Copy only what lies from the line containing "Walk-in-the-Water was a" through the line containing "This is where" in the entries below, keeping both end lines exact and dropping every picture.

Collected data entries:
⟨

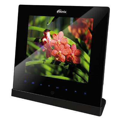 Толщина фоторамки составляет всего 12 мм, что позволяет повесить ее на стену. Сенсорные кнопки управления находятся на передней панели устройства, это упрощает его использование. RDF-805 обеспечивает показ фотографий, воспроизведение аудио и видеофайлов. Дополнительные программные функции устройства включают часы и календарь. Фоторамка Ritmix RDF-805 доступна для приобретения на российском рынке.
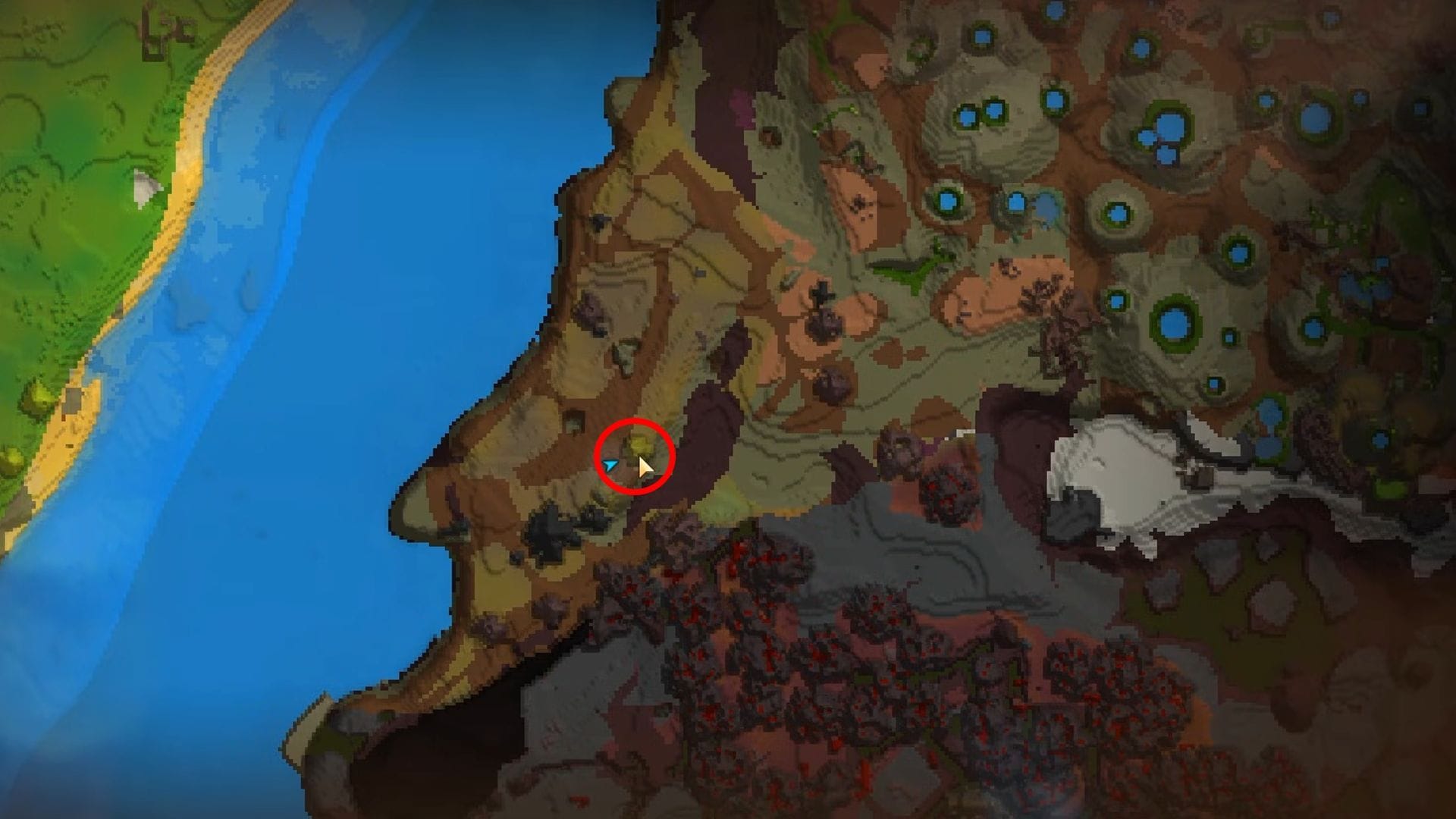 Как только вы сможете войти в Зону 4, следующим шагом будет поиск Сливового дерева. Эти деревья выглядят как высокие кустистые деревья с золотистой листвой, как показано на изображении выше. Этот вид деревьев можно в основном найти в желтоватых районах Безлюдных Земель, которые расположены среди серых вулканических территорий.
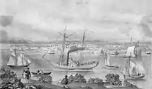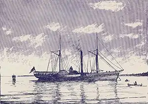 Walk-in-the-Water was a sidewheel steamboat that played a pioneering role in steamboat navigation on the Great Lakes. She was the first such craft to run on Lake Erie, Lake Huron and Lake Michigan.[1] Launched in 1818, she transported people and supplies to sites and points of interest around the Great Lakes, before being grounded and wrecked in a gale force storm in Buffalo's bay in 1821. According to some sources, Walk-in-the-Water's name originated from an Indian's impression of a steamboat moving ("walking") on the water with no sails.[2][3]
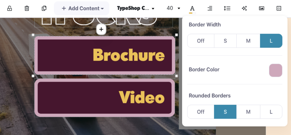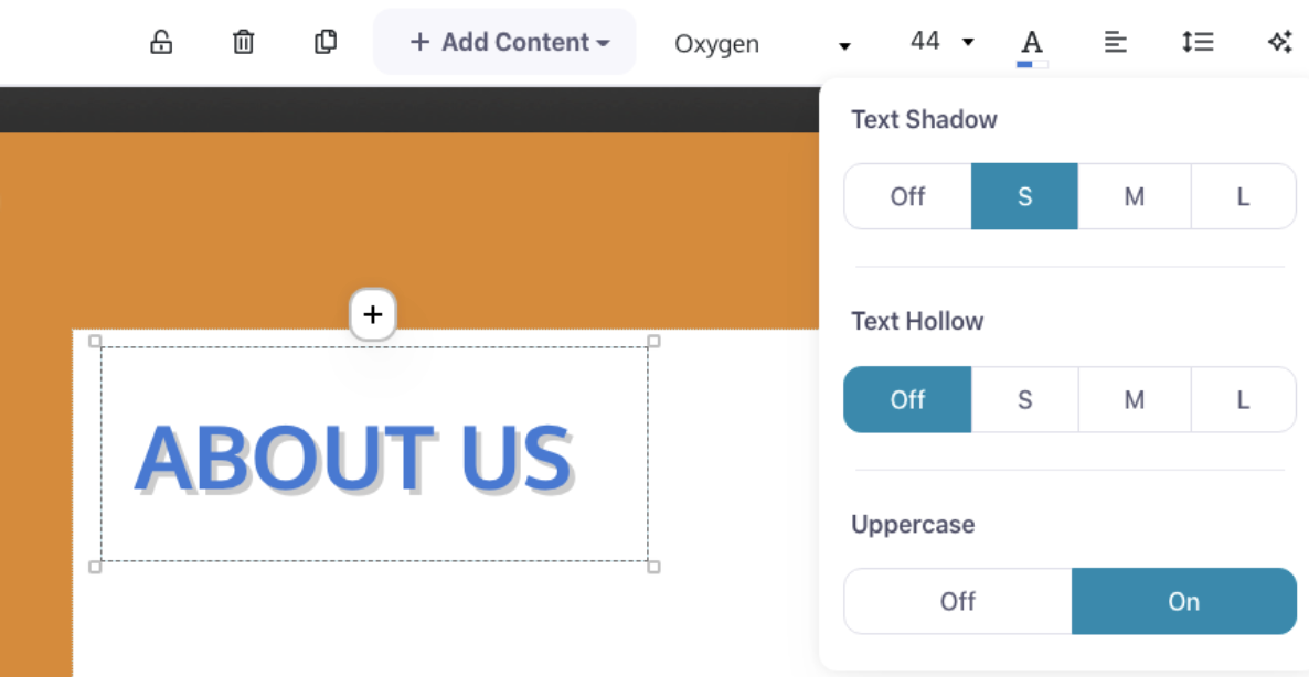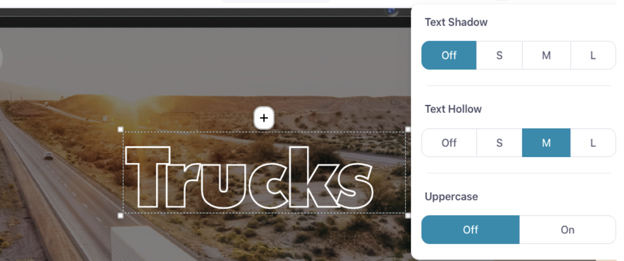 This is where you can add a drop shadow (in three different sizes!) to your text. You can also set your text to be uppercase or lowercase, without having to retype it.
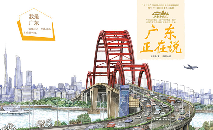 爱祖国,从爱家乡开始。 “美丽中国·从家乡出发” 系列图画书由中宣部宣教局和团中央宣传部指导,中国作家协会儿童文学委员会主编,入选“十三五”国家重点出版物出版规划项目、2019年主题出版重点出版物。本系列图画书由35位著名作家,如韩毓海、高洪波、金波、曹文轩、白冰、秦文君、汤素兰等,40余位画家如刘为民、李明伟、黄木华、黄妍、张晓明、刘振君、钟彧等,共同创作,共35册,内容包括中国总说和34个省级行政区的地理、景观和人文,每个地方一册。既有中华五千年的灿烂历史和文化脉络梳理,又有新时代新面貌。 主要面向5~12岁的少年儿童,旨在通过抓取最能体现家乡美的元素,反映家乡之特色、国家之壮美,从而激发广大少年儿童对家乡、对祖国的热爱,增强他们的民族自豪感和自信心,帮助他们打好精神底色。 《广东正在说》是“美丽中国·从家乡出发”系列图画书中的一册,通过一句句设问将广东的地理特征、特色美食,以及名人、名山、名寺、名园等铺陈展开,以小主人公和一只猫为线索,向小读者娓娓道来。此外,有关广东的经典建筑以及民风民俗的描述和描绘,则将读者们深深吸引,仿佛同时置身于广东的古老与现代之中。语言简练而不失亲切,画面明快、有趣,快来一起玩“找猫”游戏吧。

⟩

→ Result for this task:
 Walk-in-the-Water was a sidewheel steamboat that played a pioneering role in steamboat navigation on the Great Lakes. She was the first such craft to run on Lake Erie, Lake Huron and Lake Michigan.[1] Launched in 1818, she transported people and supplies to sites and points of interest around the Great Lakes, before being grounded and wrecked in a gale force storm in Buffalo's bay in 1821. According to some sources, Walk-in-the-Water's name originated from an Indian's impression of a steamboat moving ("walking") on the water with no sails.[2][3]
 This is where you can add a drop shadow (in three different sizes!) to your text. You can also set your text to be uppercase or lowercase, without having to retype it.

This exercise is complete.